Thank you for your site, I have read a couple of your ideals and they have helped a lot. I pinned you so hopefully I will not lose your site. Thank you again.
Hi, Kathy! Just loving your blog!!! Let me share one tip about lavender! Once I met a french farmer from Provence and he told me to put eggshell on the containers where I plant lavender. I break them into small pieces (with a lovely help from my son) and put regularly. I think the plants liked that!!!
Enjoy your web site… Great tips and wonderful photos! Thank you. Re: Lavender… I didn’t realize Lavender has such a short life span. What do you mean by the term ‘volunteers’? “Lavender volunteers show up each year in droves, so there are always new plants ready to take over the ones that have passed their prime!”
Volunteers are baby plants that just pop up each year, so if you let some of them grow, they will be mature about the time the older plants need to be pulled up.
Can lavender grow in zone 5 sunny or shady
You can grow English lavender in zone 5!
Can lavender grow in zone 14 or 15? I am from Philippines.

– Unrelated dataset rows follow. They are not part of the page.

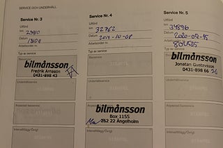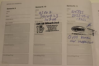 Fordonets historik - 16 händelser finns registrerade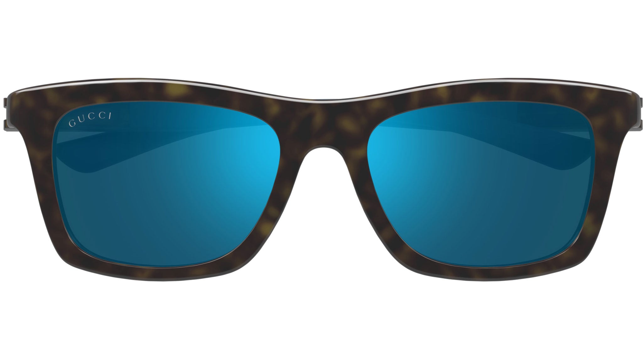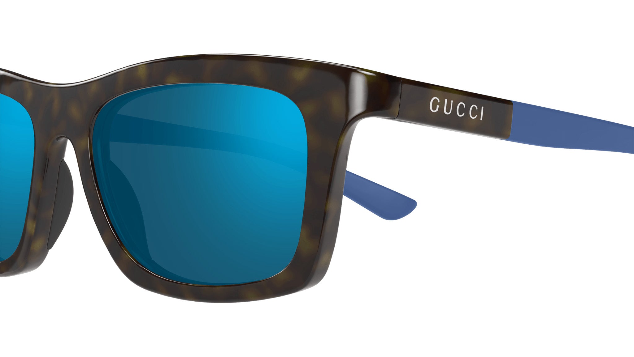 Gucci sunglasses model GG1735S Lettering line in injected rectangular shape color code 003 shiny dark tortoise with blue temples and solid gray lenses + blue ml. Authorized Gucci online dealer. The glasses are delivered with original case and accessories and are covered by the official 12-month manufacturer's warranty.
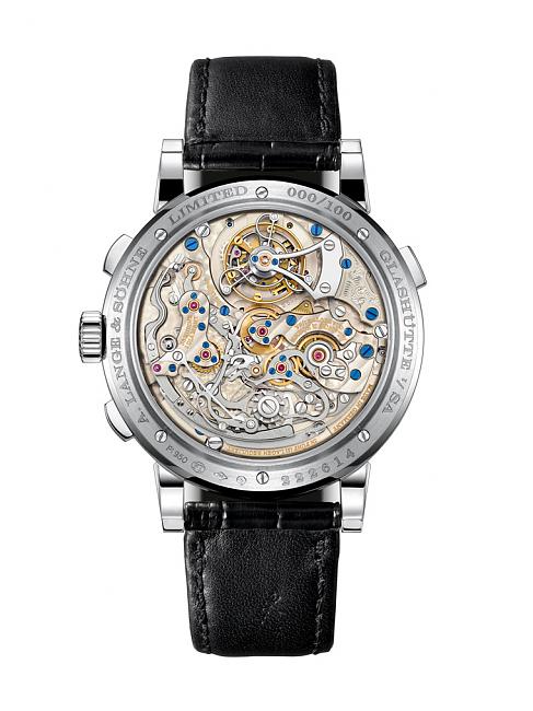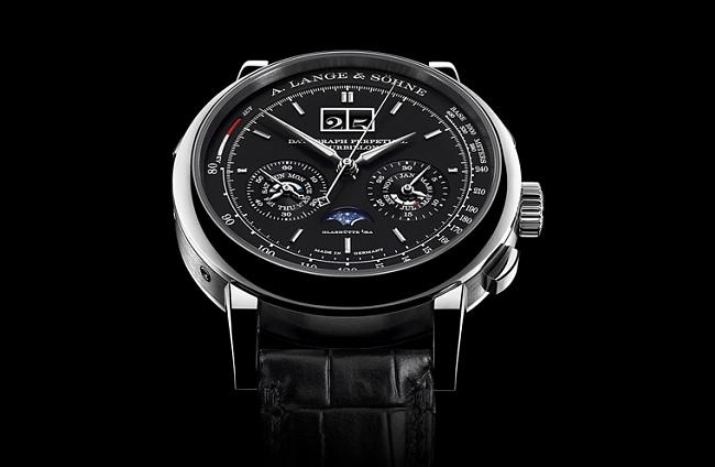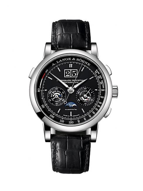 在研制这款拥有多项复杂装置手表的过程中,最艰巨的挑战莫过于完美协调不同复杂装置,唯有准确组装才能确保手表运作畅顺。朗格的 Datograph Perpetual Tourbillon绝对称得上是制表杰作。 最新推出的黑色实心银表盘设计,与41.5毫米铂金950表壳,以及18K黄金镀銠指针和小时刻度相互映衬。此表限量制作100枚。其名称亦涵括了丰富的计时特色: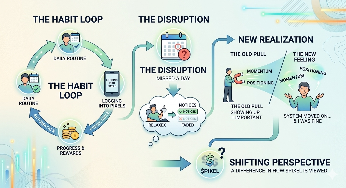 For weeks, the loop had me. It was clean, predictable, easy to maintain. Logging in felt like brushing your teeth — not exciting, but automatic. You don’t question it, you just do it.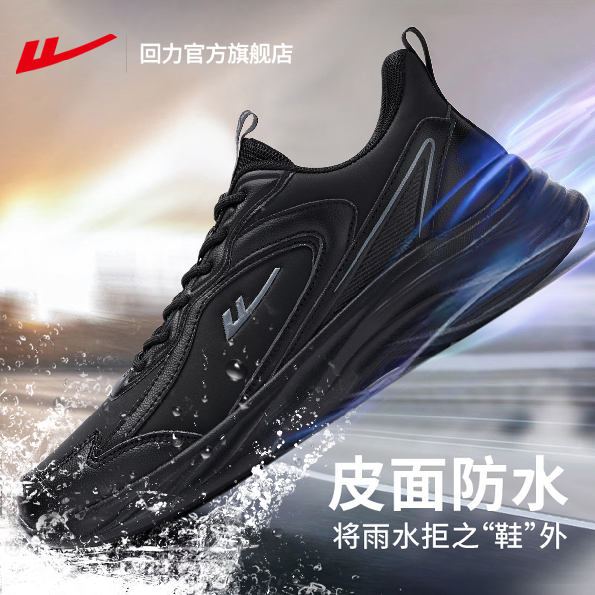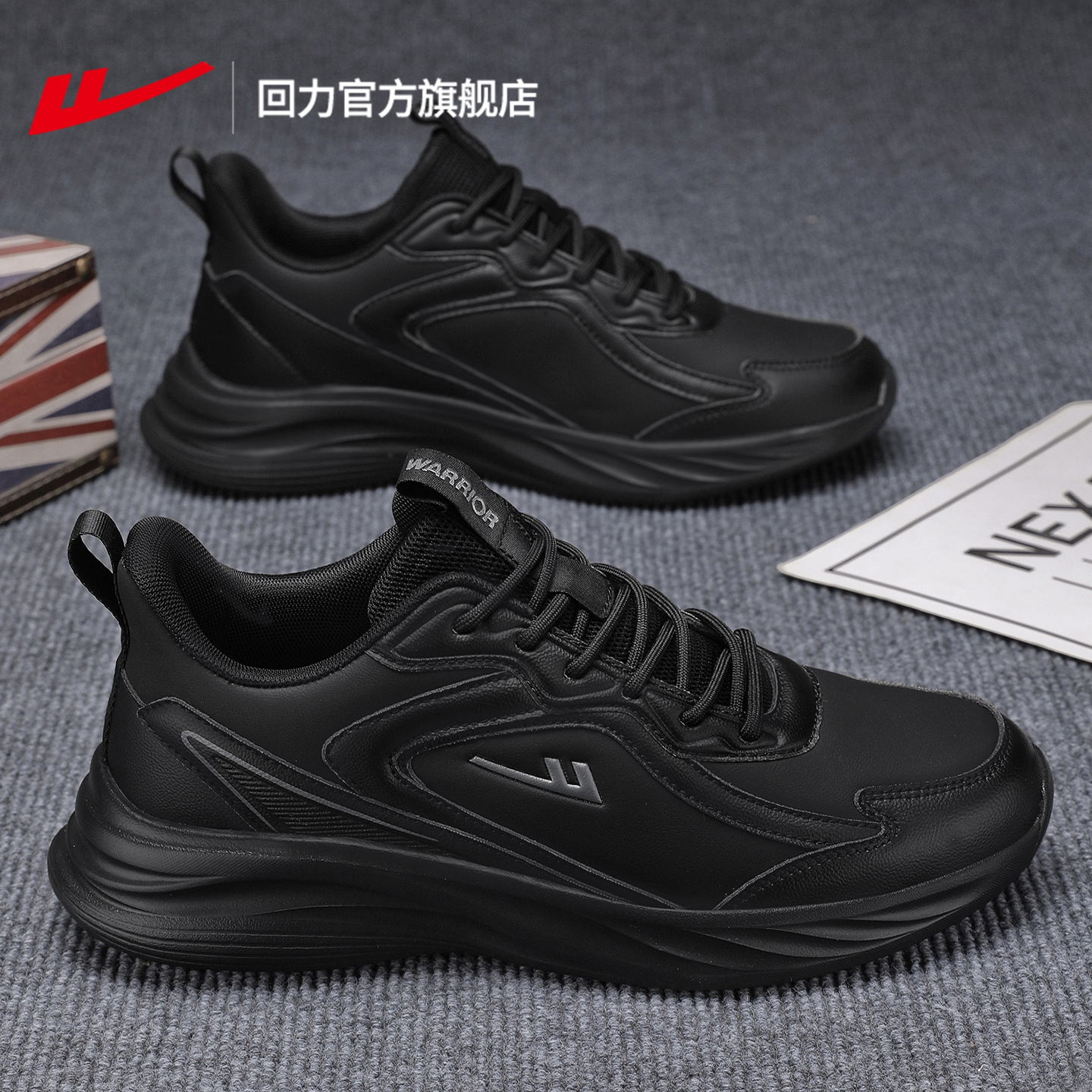 2025新款 皮面运动鞋 软底防水跑步休闲鞋 黑色秋季 子男正品 特步男鞋

Honestly, I don’t know… It’s possible it can grow but it will likely be short lived, more like an annual. Good luck!
Hello Kathy,
My lavender is potted. I pottted it this past spring because it was rather small. I live in Wisconsin and we just had our first frost. It seems to be okay outside but do you think I should bring it in or leave it outside or even hurry up and put it in the ground? Please help. At a lost as to what to do with them.
Hi Arnetta,
It really depends in what kind of lavender it is… at this late point, I would probably bring it inside until early spring, or you could put it in the ground temporarily with the pot and all… Plating it in the ground now might shock it, but if you bring it indoors, make sure it gets bright light and some humidity.

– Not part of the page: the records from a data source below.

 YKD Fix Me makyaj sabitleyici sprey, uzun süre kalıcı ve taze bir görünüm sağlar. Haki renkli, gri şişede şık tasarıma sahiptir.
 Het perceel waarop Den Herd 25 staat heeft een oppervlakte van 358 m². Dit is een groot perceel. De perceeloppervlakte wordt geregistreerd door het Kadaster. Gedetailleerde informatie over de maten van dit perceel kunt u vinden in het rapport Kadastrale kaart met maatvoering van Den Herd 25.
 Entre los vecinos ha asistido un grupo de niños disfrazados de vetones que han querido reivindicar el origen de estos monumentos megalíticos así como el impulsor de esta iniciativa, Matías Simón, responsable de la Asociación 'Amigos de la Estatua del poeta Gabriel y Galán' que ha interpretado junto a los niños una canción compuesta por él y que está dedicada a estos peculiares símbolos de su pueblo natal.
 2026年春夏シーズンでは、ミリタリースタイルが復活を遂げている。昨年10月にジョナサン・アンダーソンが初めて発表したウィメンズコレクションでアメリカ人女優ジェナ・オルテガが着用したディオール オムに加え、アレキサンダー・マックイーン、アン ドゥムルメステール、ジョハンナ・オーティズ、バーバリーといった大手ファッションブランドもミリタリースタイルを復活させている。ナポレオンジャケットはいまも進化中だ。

I live in central western Massachusetts and have a lovely lavender garden bed that is now approaching it’s 4th year. I have only lost one in that time. My advise is to look for varieties that are hardy to zone 5 as I did. Phenominal (pardon my spelling) is really as it says it is. I’ve gotten 2 bloomings in a season from them. Grasso is another variety that you may enjoy as well. However, as “easy” as it is to grow & it is, you must be careful of how far down you trim your plants, Just to the woody part. Good luck.